The Clean Energy Initiative will fund a $4 billion effort to reduce California’s dependence on gasoline and diesel by 25% over the next 10 years by making alternative fuel vehicles and alternative fuels more widely affordable and accessible to consumers.
“The Clean Energy Initiative will rush cleaner, cheaper and more reliable fuels to the marketplace more quickly, which will help to break California’s dependence on foreign oil,” said Nate Lewis, PhD and Professor of chemistry at California Institute of Technology. “Voters are demanding an alternative to our oil dependence – and they are recognizing that this Initiative presents a real solution to breaking the stranglehold that Big Oil has over us,” added Lewis. Local, state and national leaders have yet to offer a realistic or achievable solution to our state’s dependence on oil and high gas prices – which now hover around $4 per gallon.

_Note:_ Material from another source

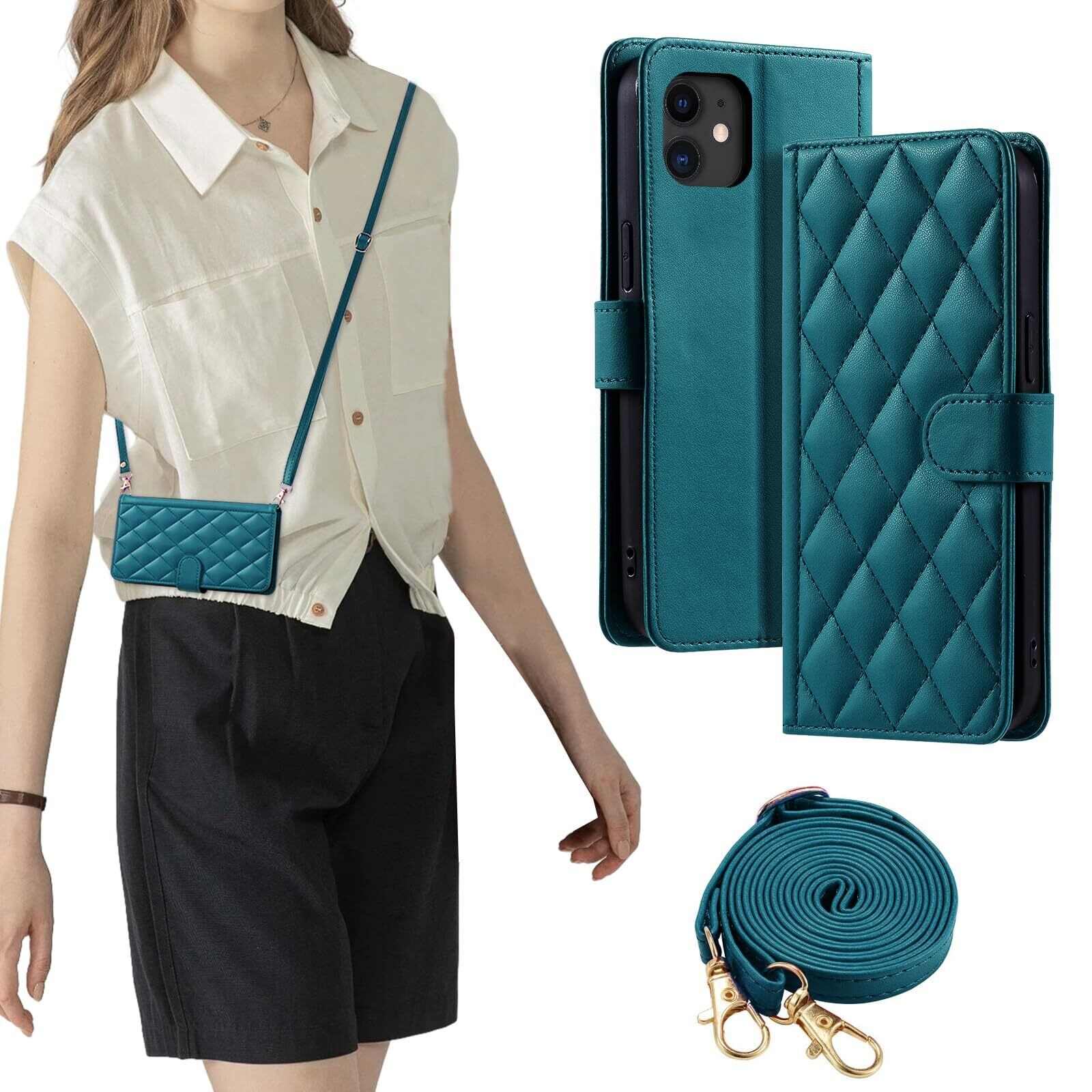 【数量限定】laddutoi FOR iphone11 ケース iphone 11 ケース 手帳型 おしゃれ ストラップ付き スタンド機能 カード収納 軽量 薄型 耐衝撃 高級PUレザー 滑り防止 財布型 内蔵マグネット 開閉式 チェック柄 上質 耐摩擦 マグネット式 肩掛け 斜め掛けーグリーン | Premium Stage
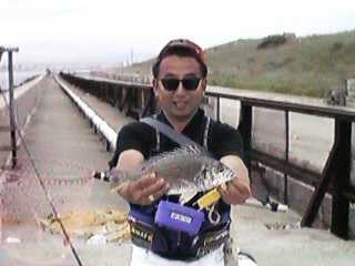 桟橋でキビレを上げられた。きょうはキビレの様子を見に来られたとの事。

“California motorists are paying the highest gasoline prices in the nation and fifty cents more per gallon for gasoline than the US average, ” said Jamie Court, president of The Foundation for Taxpayers and Consumer Rights. “At the same time, oil company’s are reporting world record profits. The only way to break this cycle of profiteering and price gouging is for the state to create cheaper and cleaner alternatives to the refiners’ stranglehold on the market. California is the 3rd largest oil-producing state, but the only state where big oil doesn’t reimburse the public for its natural resources. It’s time for Big Oil companies to pay their fair share.”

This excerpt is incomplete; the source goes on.